(Beginning of Excerpted data)

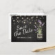 Country chic Save the Date Postkartenvorlage mit rustikalem schwarzen Chalkboard Hintergrund, Saitenleuchten, einem Maurerkirsch mit lila Lavendel-Blume, verpackt in Einbruch mit den Paarinitialen und einem rett unserer Datumsvorlage, die leicht zu personalisieren ist. Für weitere Personalisierungen klicken Sie bitte auf die Schaltfläche "Anpassen", um diese Vorlage zu ändern. Alle Textstile, Farben und Größen können nach Ihren Wünschen angepasst werden. Weitere passende Hochzeitsartikel findest du in meinem Shop www.zazzle.com/special_stationery, aber wenn du nicht findest, was du suchst, kontaktiere mich bitte.
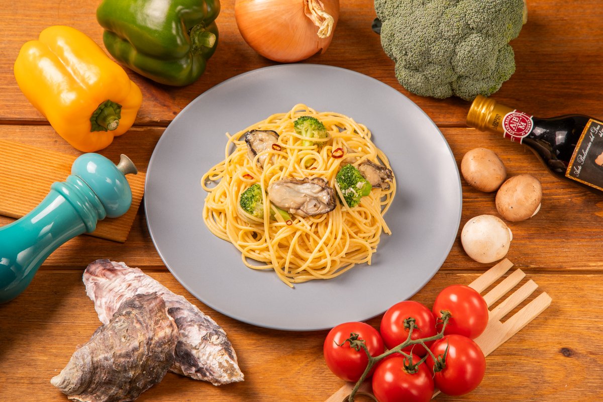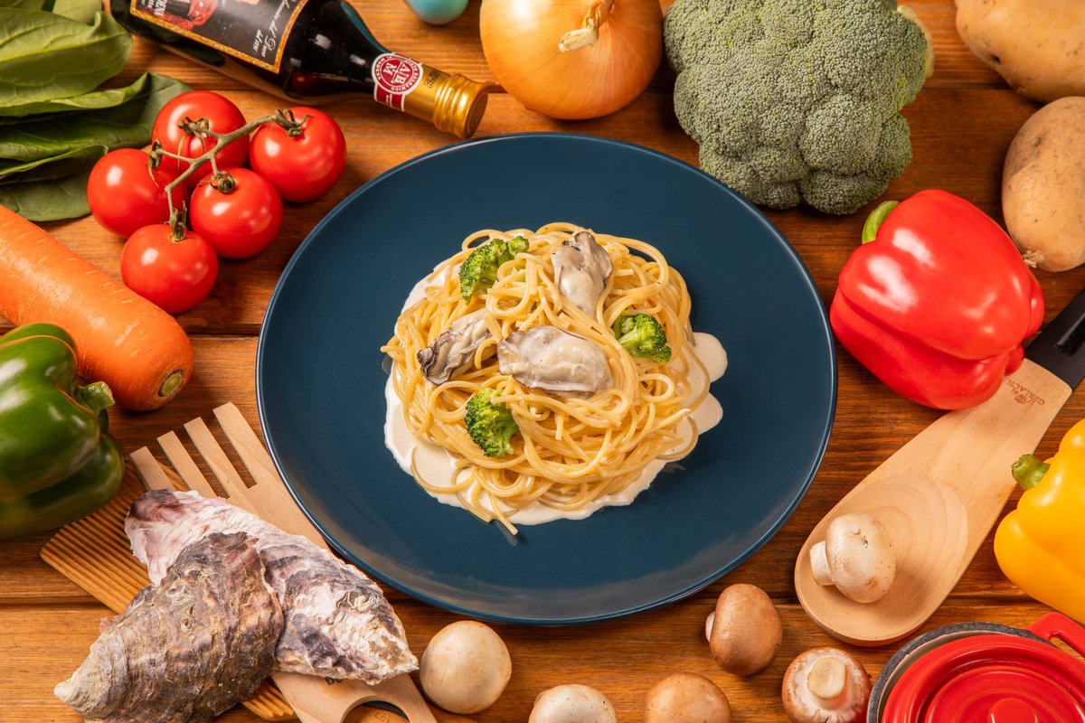 クリーミーなソースと牡蠣の旨味が絡み合う、贅沢なパスタ。ブロッコリーの彩りが食欲をそそります。
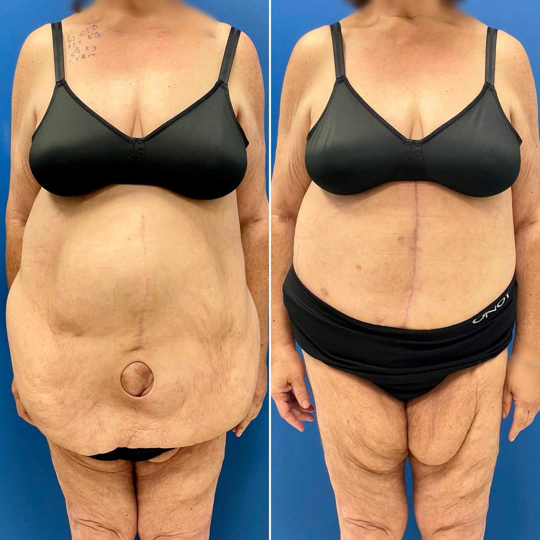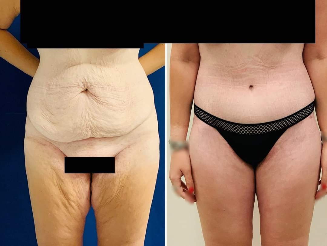 בניתוח משולב, ביצעתי שיחזור של דופן הבטן שכלל הידוק מחדש של השרירים, כריתה של עודפי העור תוך יצירת צלקות ישרות וסימטריות יותר הממוקמות נמוך יותר בדופן הבטן, בקע שעירב את הטבור תוקן עי דר עמיר בן-יהודה (מקבוצת אסיא מדיקל), וביצעתי שיחזור של הטבור באמצעות מתלים מקומיים.
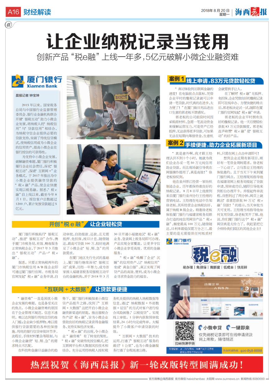 為支持中小微企業(yè)發(fā)展,破解融資難題,廈門銀行積極履行企業(yè)社會責(zé)任,深化“銀稅互動”,探索“互聯(lián)網(wǎng)+”業(yè)務(wù)模式,于2017年推出為中小微企業(yè)提供融資貸款的“稅e融”產(chǎn)品,使企業(yè)快捷實(shí)現(xiàn)以稅易融。據(jù)悉,“稅e融”自上線以來,截至今年8月1日,授信客戶總數(shù)超過1200戶,累計發(fā)放貸款超過5億元。
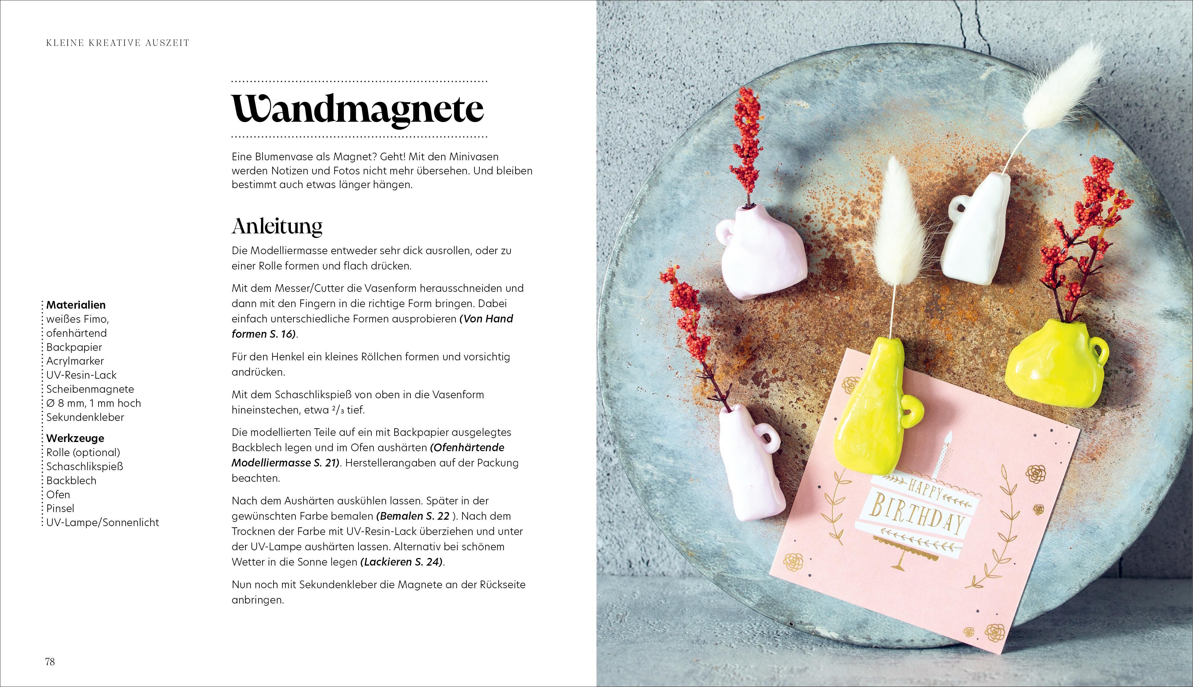 Ein Wochenende, eine neue Technik! Dieses Buch aus der Reihe Kleine kreative Auszeit zeigt, wie mit Modelliermasse wunderschöne Projekte entstehen von Schmuckschälchen über Gartenstecker bis hin zu Serviettenringen. Anschaulich bebildert führt die erfahrene Au...

(End of Excerpted data)

:: Task to complete ::
Every line above goes into the copy unchanged; the pictures do not.

:: Output of the exercise ::
 Country chic Save the Date Postkartenvorlage mit rustikalem schwarzen Chalkboard Hintergrund, Saitenleuchten, einem Maurerkirsch mit lila Lavendel-Blume, verpackt in Einbruch mit den Paarinitialen und einem rett unserer Datumsvorlage, die leicht zu personalisieren ist. Für weitere Personalisierungen klicken Sie bitte auf die Schaltfläche "Anpassen", um diese Vorlage zu ändern. Alle Textstile, Farben und Größen können nach Ihren Wünschen angepasst werden. Weitere passende Hochzeitsartikel findest du in meinem Shop www.zazzle.com/special_stationery, aber wenn du nicht findest, was du suchst, kontaktiere mich bitte.
 クリーミーなソースと牡蠣の旨味が絡み合う、贅沢なパスタ。ブロッコリーの彩りが食欲をそそります。
 בניתוח משולב, ביצעתי שיחזור של דופן הבטן שכלל הידוק מחדש של השרירים, כריתה של עודפי העור תוך יצירת צלקות ישרות וסימטריות יותר הממוקמות נמוך יותר בדופן הבטן, בקע שעירב את הטבור תוקן עי דר עמיר בן-יהודה (מקבוצת אסיא מדיקל), וביצעתי שיחזור של הטבור באמצעות מתלים מקומיים.
 為支持中小微企業(yè)發(fā)展,破解融資難題,廈門銀行積極履行企業(yè)社會責(zé)任,深化“銀稅互動”,探索“互聯(lián)網(wǎng)+”業(yè)務(wù)模式,于2017年推出為中小微企業(yè)提供融資貸款的“稅e融”產(chǎn)品,使企業(yè)快捷實(shí)現(xiàn)以稅易融。據(jù)悉,“稅e融”自上線以來,截至今年8月1日,授信客戶總數(shù)超過1200戶,累計發(fā)放貸款超過5億元。
 Ein Wochenende, eine neue Technik! Dieses Buch aus der Reihe Kleine kreative Auszeit zeigt, wie mit Modelliermasse wunderschöne Projekte entstehen von Schmuckschälchen über Gartenstecker bis hin zu Serviettenringen. Anschaulich bebildert führt die erfahrene Au...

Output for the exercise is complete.